As to the independence of the state, the essential thing is that it is an accomplished fact. It cannot be undone. It cannot return to the British womb and start again. It cannot even return to 1931 and take up the thread of Treatyite development. Fianna Fail made it independent, and its only choice is between being spirited or craven. At the moment it is pretty craven.

It is not normal, and in the long run it is not functional, that the government dimensions of the state should exist in continuous antagonism with the academic and journalistic dimensions.

In functional states the harmonious functioning of these different dimensions is achieved by patronage. In a well-conducted state the patronage is so discreetly operated that it is scarcely noticed. But there is always patronage. And academic freedom operates within practical parameters set by patronage.

Effective state patronage of the academic system by discreet means requires that the major political forces have a strong presence within academia. The problem in Ireland is that the dominant political force appears to have scarcely any presence within academia.

The outcome is not that there is no patronage of academia, but that there is British patronage. Thirty years ago the founder of the Irish Sovereignty Movement, Raymond Crotty, called upon the British ruling class to take Irish intellectual life in hand once more. It has done so.

Forget about Dublin, Cork and Galway. Forget even about Trinity. Look to Oxford and Cambridge, to Manchester, and even to Liverpool—which in the form of Professor Marianne Elliott revealed a few yeas ago that there was never such a thing as a British Penal Law system against Catholicism in Ireland, but that on the contrary the 18th century was a century of opportunity for Catholics in Ireland.

As an imperial entity with plenty to feel bad about, Britain has had plentiful recourse to historical myth. But there is no revisionism of sacred myth in the light of historical fact, and there is no interference with academic freedom to prevent it. About ten years ago John Charmley used his academic freedom to engage in some revision of the Churchill myth. He wasn't sacked. The Times even gave him some space to set out his criticism. But the thing was a nine-days-wonder, and was soon lost amidst the mass of academic orthodoxy supportive of the ideology of the state.
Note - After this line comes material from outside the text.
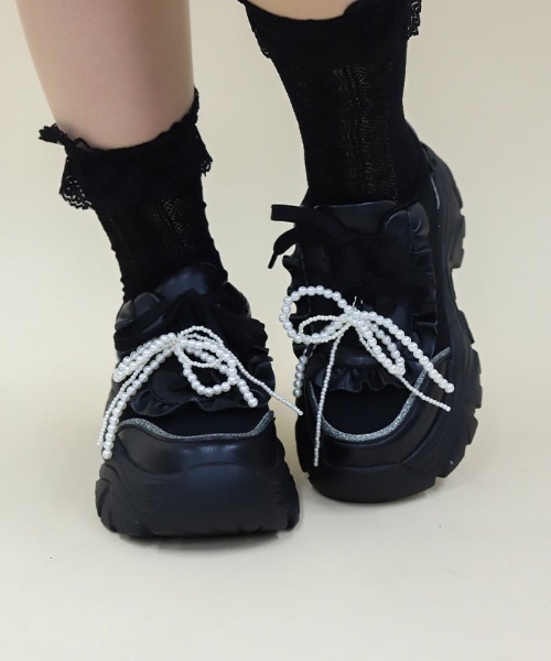 【アイテム説明】 POETIQUE “Preppy” collection ♡ 【商品紹介】 パールリボンチャームがポイントの厚底スニーカー 【デザイン】 リボンやフリルなどガーリーなディテールをぎゅっと詰め込んだスニーカーです。 厚底すぎないソールでボトムを選ばずに合わせやすいデザイン。 パールリボンチャームはお好きな位置に付けていただけます。 【コーディネート】 コーディネートを程よくカジュアルダウンさせてくれるアイテムです。 ▽ axes femme POETIQUE * アクシーズファムポエティック 【Concept】 一編の詩のように紡がれる、 柔らかな色や優しいモチーフに心を弾ませて。 夢見る気持ちを忘れない、とっておきのクローゼット。 フリルやオリジナルプリントをあしらったガーリーなアイテムと デイリー使いにもおすすめのトレンド感もあるガーリーカジュアルなアイテムで 王道ガーリースタイルからミックスコーデまで様々な着こなしがお楽しみ頂けます。 ********************** .。.: お気に入り登録のおすすめ :.。. ∇気になるアイテムを登録∇ ハートをクリックしてお気に入りに登録すると 完売カラーの再入荷やラスト1点の通知、セールの通知を受けとることができます。 ∇ブランドを登録∇ 新商品や再入荷、セール通知など、いち早くブランドの情報を受けとることができます。 是非ご利用頂き、お買い物をお楽しみ下さい。 .。.: 商品について :.。. ・サイト上のカラー名と、お届け商品に記載されているカラー名が異なる場合がございます。 ・商品の色味は、撮影場所や光のあたり具合、お客様のお使いのPCのモニター環境などにより色味が違って見える場合がございます。 予めご了承の上ご注文下さい。 .。.: 返品・キャンセルについて :.。. ・着用、洗濯後の返品は致かねます。 ・商品到着後、着用前に商品を確認して頂きますようお願い致します。

Broadcasting is likewise controlled discreetly in Britain within parameters set by the political requirements of the state. But occasionally things get slightly out of hand.

The BBC was designed to function within the party-politics of the state. That is the meaning of the official requirement that it is 'impartial'. It is not independent. But its position in Northern Ireland is anomalous, because the region is outside the party-politics of the state, and BBC,NI is liable to conceive illusions of independence. About twenty years ago its regional Director commissioned interviews with Martin McGuinness and Gregory Campbell. McGuinness was still imagined to be an outrageous revolutionary in those times. Mrs. Thatcher questioned the propriety of broadcasting the interview. The Director General supported the regional Director. The Government put its foot down. Vincent Hanna (who came of a Belfast middle class nationalist family) was then in the position that Jeremy Paxman holds now. He led a strike against Government interference, and asserted the independence of the BBC, which he described as a kind of independent guild of broadcasters. A flimsy semblance of compromise was arranged to obscure the climb-down of the BBC. The Director General resigned soon after, and Vincent Hanna was a spent force. Paxman sometimes asserts that the BBC functions independently of Government, but he knows from the Hanna episode that he must never put it to the test.

Four years ago BBC radio got into conflict with the Government over an accurate report by Andrew Gilligan of a discussion with Dr. David Kelly about the "dodgy dossier" justifying the invasion of Iraq. Tony Blair demanded Gilligan's head and got it, and other heads along with it.

A Commission to inquire into the matter found in favour of the Government—as British Commissioners always do.